### Work request
Once the data has been read, restate all of it exactly.

### Data section

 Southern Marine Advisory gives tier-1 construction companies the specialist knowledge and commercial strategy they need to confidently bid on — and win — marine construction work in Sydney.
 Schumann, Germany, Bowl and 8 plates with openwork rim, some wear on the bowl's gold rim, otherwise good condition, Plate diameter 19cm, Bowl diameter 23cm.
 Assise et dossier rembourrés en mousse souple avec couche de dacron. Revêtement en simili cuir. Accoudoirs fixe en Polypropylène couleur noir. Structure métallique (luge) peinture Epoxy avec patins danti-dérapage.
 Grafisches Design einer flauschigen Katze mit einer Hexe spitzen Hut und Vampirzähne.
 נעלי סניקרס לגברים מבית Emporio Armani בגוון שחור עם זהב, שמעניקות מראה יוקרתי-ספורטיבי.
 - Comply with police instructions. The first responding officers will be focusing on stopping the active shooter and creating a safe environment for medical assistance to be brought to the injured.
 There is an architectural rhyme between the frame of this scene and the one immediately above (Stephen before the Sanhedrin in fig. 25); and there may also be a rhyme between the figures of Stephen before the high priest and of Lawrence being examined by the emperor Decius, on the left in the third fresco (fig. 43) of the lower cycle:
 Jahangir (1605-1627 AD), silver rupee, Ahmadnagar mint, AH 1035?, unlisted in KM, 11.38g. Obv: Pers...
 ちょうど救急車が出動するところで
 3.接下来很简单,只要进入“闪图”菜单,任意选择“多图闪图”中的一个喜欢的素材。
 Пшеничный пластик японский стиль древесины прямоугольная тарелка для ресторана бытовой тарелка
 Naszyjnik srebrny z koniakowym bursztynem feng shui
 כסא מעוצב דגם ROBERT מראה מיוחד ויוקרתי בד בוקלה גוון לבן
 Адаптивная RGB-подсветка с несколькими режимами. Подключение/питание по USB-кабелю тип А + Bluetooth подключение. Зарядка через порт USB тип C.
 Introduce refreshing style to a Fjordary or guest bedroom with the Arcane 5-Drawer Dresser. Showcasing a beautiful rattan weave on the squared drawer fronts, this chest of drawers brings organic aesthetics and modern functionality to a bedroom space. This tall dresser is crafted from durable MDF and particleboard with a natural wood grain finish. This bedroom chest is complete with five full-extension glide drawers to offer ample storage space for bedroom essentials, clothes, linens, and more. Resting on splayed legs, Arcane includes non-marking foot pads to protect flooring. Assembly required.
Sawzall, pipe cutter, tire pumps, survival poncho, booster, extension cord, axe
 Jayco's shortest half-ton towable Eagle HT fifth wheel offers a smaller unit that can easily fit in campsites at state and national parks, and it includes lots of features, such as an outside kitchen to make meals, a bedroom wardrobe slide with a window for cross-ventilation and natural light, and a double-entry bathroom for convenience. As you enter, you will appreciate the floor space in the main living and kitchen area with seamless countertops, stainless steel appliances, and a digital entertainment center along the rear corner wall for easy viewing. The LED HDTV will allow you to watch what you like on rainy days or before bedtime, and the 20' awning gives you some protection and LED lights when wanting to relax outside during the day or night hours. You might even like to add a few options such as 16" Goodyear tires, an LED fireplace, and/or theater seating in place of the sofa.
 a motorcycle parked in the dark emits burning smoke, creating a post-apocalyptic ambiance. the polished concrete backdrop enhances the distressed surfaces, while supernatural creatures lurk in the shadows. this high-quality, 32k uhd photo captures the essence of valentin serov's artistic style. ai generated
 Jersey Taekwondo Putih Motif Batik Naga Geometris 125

### Output of the task
 Southern Marine Advisory gives tier-1 construction companies the specialist knowledge and commercial strategy they need to confidently bid on — and win — marine construction work in Sydney.
 Schumann, Germany, Bowl and 8 plates with openwork rim, some wear on the bowl's gold rim, otherwise good condition, Plate diameter 19cm, Bowl diameter 23cm.
 Assise et dossier rembourrés en mousse souple avec couche de dacron. Revêtement en simili cuir. Accoudoirs fixe en Polypropylène couleur noir. Structure métallique (luge) peinture Epoxy avec patins danti-dérapage.
 Grafisches Design einer flauschigen Katze mit einer Hexe spitzen Hut und Vampirzähne.
 נעלי סניקרס לגברים מבית Emporio Armani בגוון שחור עם זהב, שמעניקות מראה יוקרתי-ספורטיבי.
 - Comply with police instructions. The first responding officers will be focusing on stopping the active shooter and creating a safe environment for medical assistance to be brought to the injured.
 There is an architectural rhyme between the frame of this scene and the one immediately above (Stephen before the Sanhedrin in fig. 25); and there may also be a rhyme between the figures of Stephen before the high priest and of Lawrence being examined by the emperor Decius, on the left in the third fresco (fig. 43) of the lower cycle:
 Jahangir (1605-1627 AD), silver rupee, Ahmadnagar mint, AH 1035?, unlisted in KM, 11.38g. Obv: Pers...
 ちょうど救急車が出動するところで
 3.接下来很简单,只要进入“闪图”菜单,任意选择“多图闪图”中的一个喜欢的素材。
 Пшеничный пластик японский стиль древесины прямоугольная тарелка для ресторана бытовой тарелка
 Naszyjnik srebrny z koniakowym bursztynem feng shui
 כסא מעוצב דגם ROBERT מראה מיוחד ויוקרתי בד בוקלה גוון לבן
 Адаптивная RGB-подсветка с несколькими режимами. Подключение/питание по USB-кабелю тип А + Bluetooth подключение. Зарядка через порт USB тип C.
 Introduce refreshing style to a Fjordary or guest bedroom with the Arcane 5-Drawer Dresser. Showcasing a beautiful rattan weave on the squared drawer fronts, this chest of drawers brings organic aesthetics and modern functionality to a bedroom space. This tall dresser is crafted from durable MDF and particleboard with a natural wood grain finish. This bedroom chest is complete with five full-extension glide drawers to offer ample storage space for bedroom essentials, clothes, linens, and more. Resting on splayed legs, Arcane includes non-marking foot pads to protect flooring. Assembly required.
Sawzall, pipe cutter, tire pumps, survival poncho, booster, extension cord, axe
 Jayco's shortest half-ton towable Eagle HT fifth wheel offers a smaller unit that can easily fit in campsites at state and national parks, and it includes lots of features, such as an outside kitchen to make meals, a bedroom wardrobe slide with a window for cross-ventilation and natural light, and a double-entry bathroom for convenience. As you enter, you will appreciate the floor space in the main living and kitchen area with seamless countertops, stainless steel appliances, and a digital entertainment center along the rear corner wall for easy viewing. The LED HDTV will allow you to watch what you like on rainy days or before bedtime, and the 20' awning gives you some protection and LED lights when wanting to relax outside during the day or night hours. You might even like to add a few options such as 16" Goodyear tires, an LED fireplace, and/or theater seating in place of the sofa.
 a motorcycle parked in the dark emits burning smoke, creating a post-apocalyptic ambiance. the polished concrete backdrop enhances the distressed surfaces, while supernatural creatures lurk in the shadows. this high-quality, 32k uhd photo captures the essence of valentin serov's artistic style. ai generated
 Jersey Taekwondo Putih Motif Batik Naga Geometris 125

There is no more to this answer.